No. The water is not effect. It is metaphysics liquified. It is the Dionysian in Taoist form: mutable, fragile, ungraspable. It replaces Bach’s stable harmonic system with a medium that sings in slowness, in drops, in waves. And Nietzsche would say: Here is an art that does not construct meaning—but flows with it, without claiming it.


Tan Dun’s use of Chinese musical language is not exoticism. It is genealogy reversed. Just as Nietzsche in The Birth of Tragedy traced Western art back to the tension between Apollo and Dionysus, here Tan Dun recomposes that tension globally. The “Passion” becomes a crucifixion of fixed identity, and a resurrection of plural form.


When the choir intones fragmented Latin over percussive water rhythms, Nietzsche would hear not belief, but invocation. Not God as master, but sound as origin.


“We must remain true to the earth, and build our temples from the materials of becoming.”


Tan Dun has done exactly this. His temple is not stone. It is water, voice, and breath. It honors suffering—not with guilt or penance—but with a sonic ecology that holds pain and beauty in fragile balance.


In the final movement, the choir sings "Resurrexit", but not triumphantly. There is no Hallelujah. Only resonance. A tone that hangs. A drip that continues.

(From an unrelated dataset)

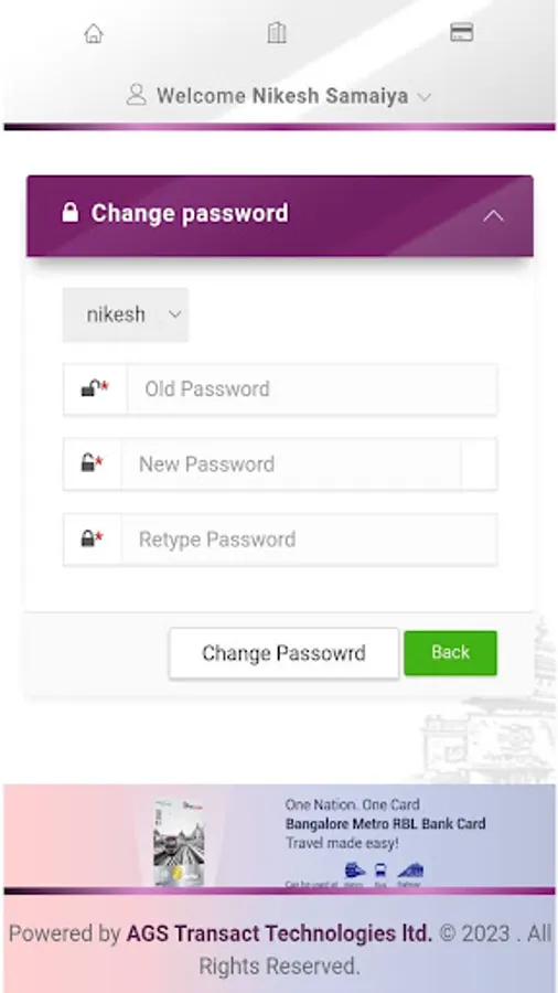 Namma Metro Rupay National Common Mobility Card Application with below features:
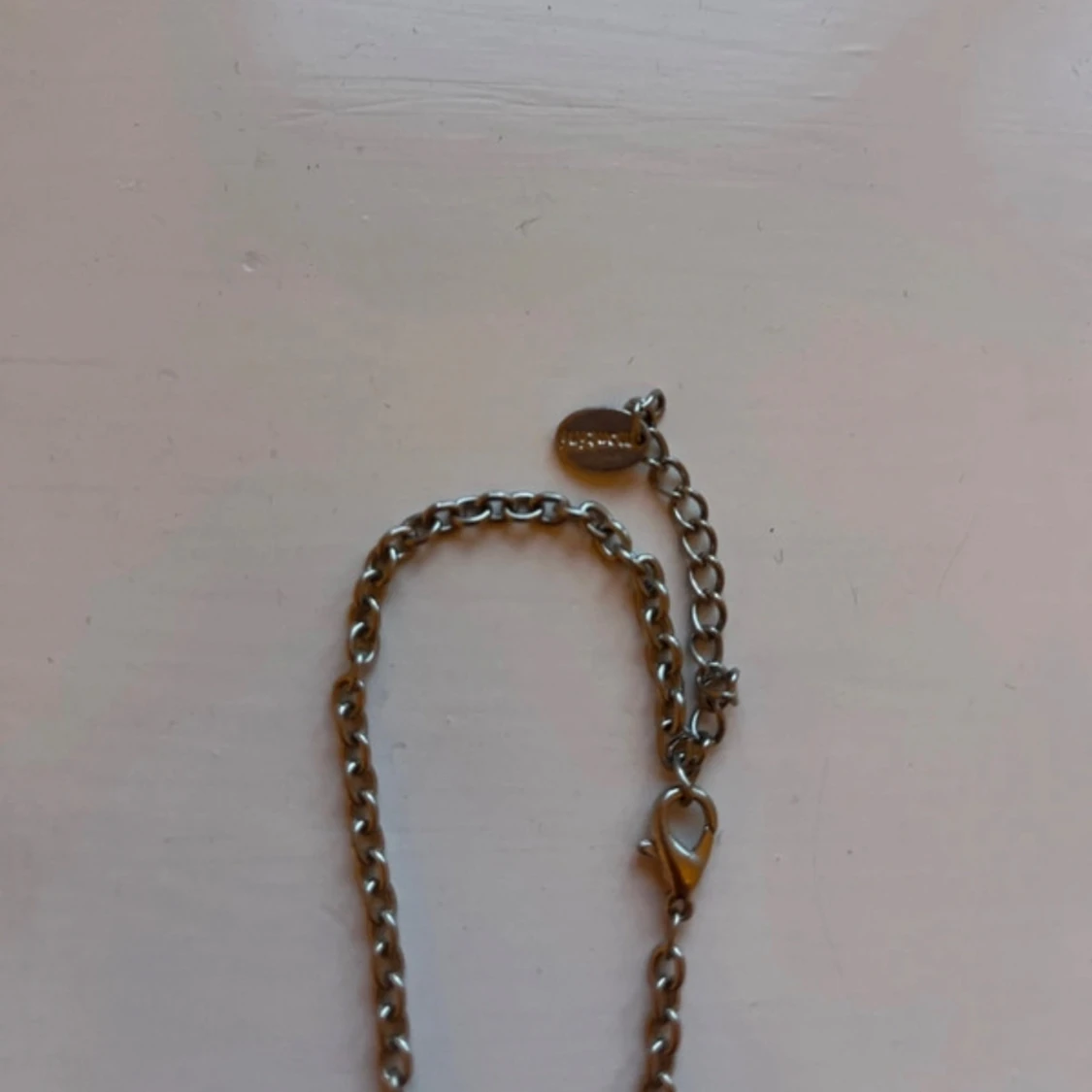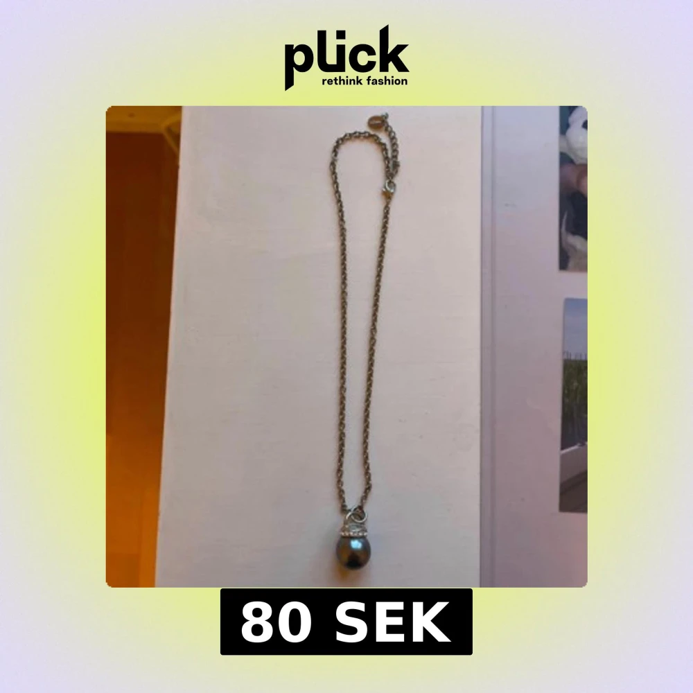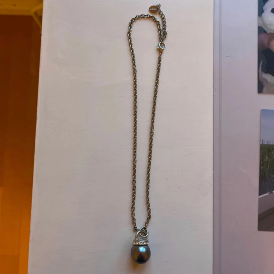 Snyggt silverfärgat halsband med en kedja och ett droppformat pärlhänge. Hänget har en rad små glittriga stenar upptill som ger extra bling. Perfekt för dig som gillar stilrena smycken med en twist.

No grand conclusion—only the world, made slightly more luminous through ritual sound.


Nietzsche would not kneel to this work. But he would listen, fully. And he would say: Here, perhaps, is the future of sacred art—not as creed, but as shared attentiveness; not as salvation, but as aesthetic stillness in a world that no longer believes—but still wants to feel.


This is not the return of God.


It is the resurrection of the sacred through form.


And Nietzsche would smile—not in reverence, but in affirmation: Yes. Let art be this.